▶ _Directions for this task_
Exact reproduction of the data is required, with images excluded.

(Information Opens)

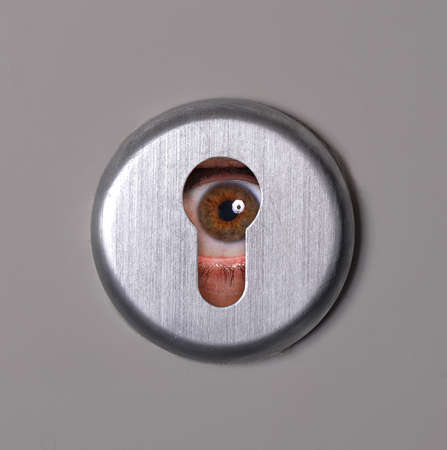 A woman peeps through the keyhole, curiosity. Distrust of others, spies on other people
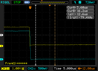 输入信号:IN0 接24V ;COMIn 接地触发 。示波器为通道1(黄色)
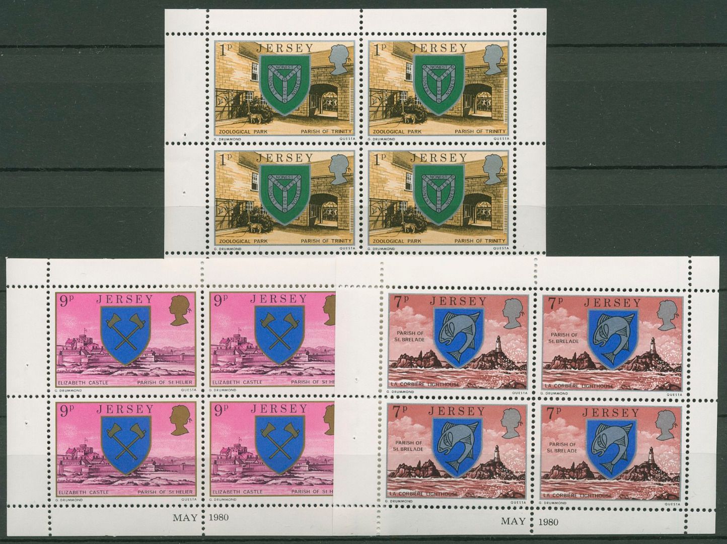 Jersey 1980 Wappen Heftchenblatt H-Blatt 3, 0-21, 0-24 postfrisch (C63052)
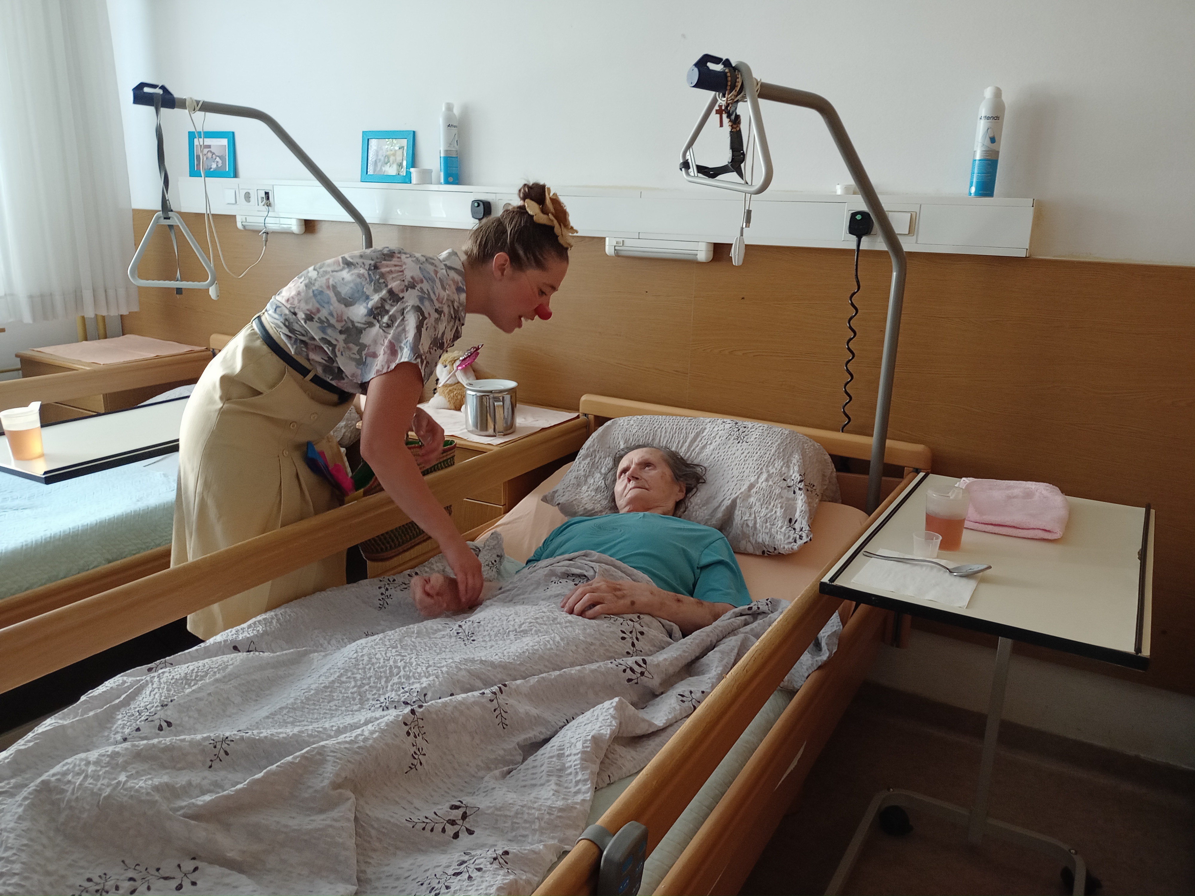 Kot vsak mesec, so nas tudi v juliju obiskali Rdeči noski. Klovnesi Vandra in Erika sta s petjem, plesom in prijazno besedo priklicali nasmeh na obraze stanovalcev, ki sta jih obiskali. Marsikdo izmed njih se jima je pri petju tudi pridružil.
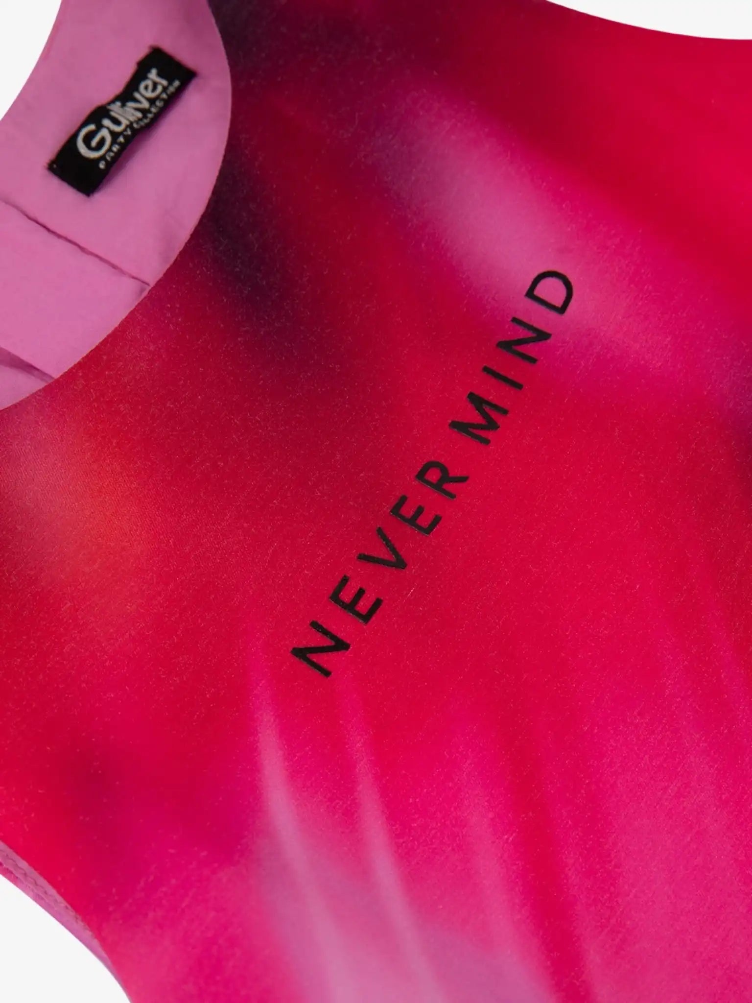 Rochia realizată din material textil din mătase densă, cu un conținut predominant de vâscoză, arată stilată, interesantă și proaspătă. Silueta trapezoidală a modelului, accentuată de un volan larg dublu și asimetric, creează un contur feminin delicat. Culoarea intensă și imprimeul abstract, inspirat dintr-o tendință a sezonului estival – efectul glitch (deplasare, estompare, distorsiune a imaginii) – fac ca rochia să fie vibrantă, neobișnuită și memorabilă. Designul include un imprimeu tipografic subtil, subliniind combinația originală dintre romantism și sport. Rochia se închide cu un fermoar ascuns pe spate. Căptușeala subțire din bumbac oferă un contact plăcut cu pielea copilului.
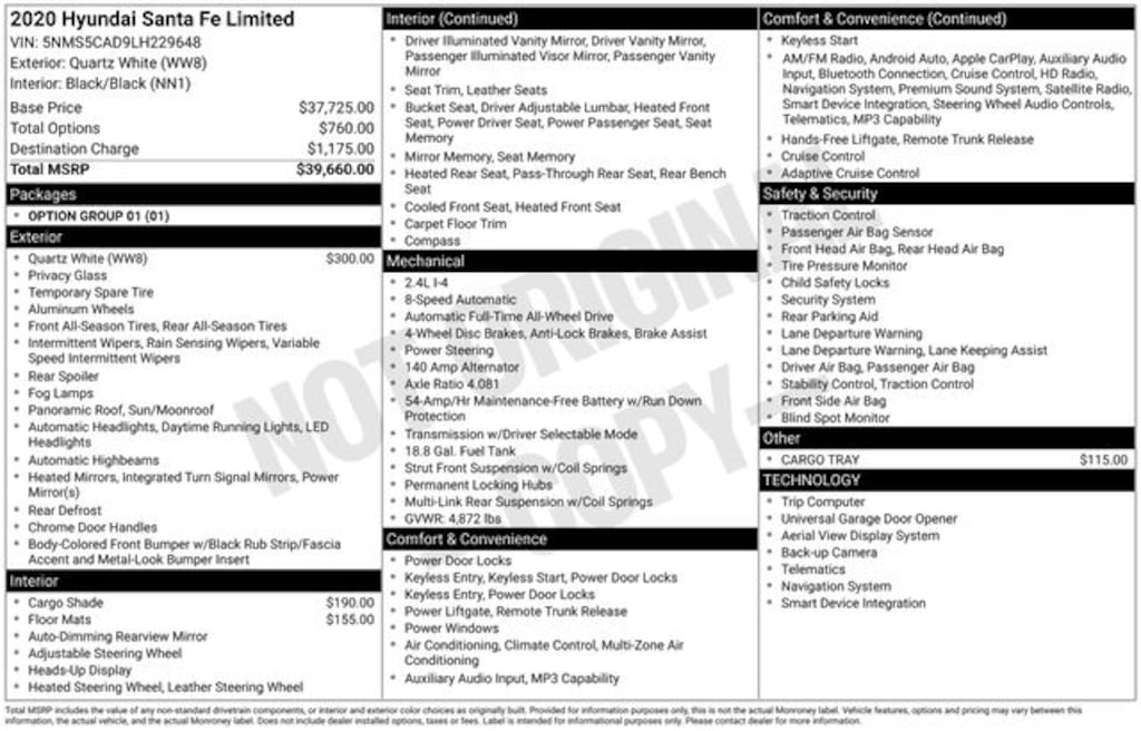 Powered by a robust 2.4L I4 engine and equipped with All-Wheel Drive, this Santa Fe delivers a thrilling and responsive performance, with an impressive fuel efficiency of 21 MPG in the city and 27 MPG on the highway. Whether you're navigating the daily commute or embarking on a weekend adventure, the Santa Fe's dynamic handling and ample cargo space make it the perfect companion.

(Information Closes)

▶ _Exercise result_
 A woman peeps through the keyhole, curiosity. Distrust of others, spies on other people
 输入信号:IN0 接24V ;COMIn 接地触发 。示波器为通道1(黄色)
 Jersey 1980 Wappen Heftchenblatt H-Blatt 3, 0-21, 0-24 postfrisch (C63052)
 Kot vsak mesec, so nas tudi v juliju obiskali Rdeči noski. Klovnesi Vandra in Erika sta s petjem, plesom in prijazno besedo priklicali nasmeh na obraze stanovalcev, ki sta jih obiskali. Marsikdo izmed njih se jima je pri petju tudi pridružil.
 Rochia realizată din material textil din mătase densă, cu un conținut predominant de vâscoză, arată stilată, interesantă și proaspătă. Silueta trapezoidală a modelului, accentuată de un volan larg dublu și asimetric, creează un contur feminin delicat. Culoarea intensă și imprimeul abstract, inspirat dintr-o tendință a sezonului estival – efectul glitch (deplasare, estompare, distorsiune a imaginii) – fac ca rochia să fie vibrantă, neobișnuită și memorabilă. Designul include un imprimeu tipografic subtil, subliniind combinația originală dintre romantism și sport. Rochia se închide cu un fermoar ascuns pe spate. Căptușeala subțire din bumbac oferă un contact plăcut cu pielea copilului.
 Powered by a robust 2.4L I4 engine and equipped with All-Wheel Drive, this Santa Fe delivers a thrilling and responsive performance, with an impressive fuel efficiency of 21 MPG in the city and 27 MPG on the highway. Whether you're navigating the daily commute or embarking on a weekend adventure, the Santa Fe's dynamic handling and ample cargo space make it the perfect companion.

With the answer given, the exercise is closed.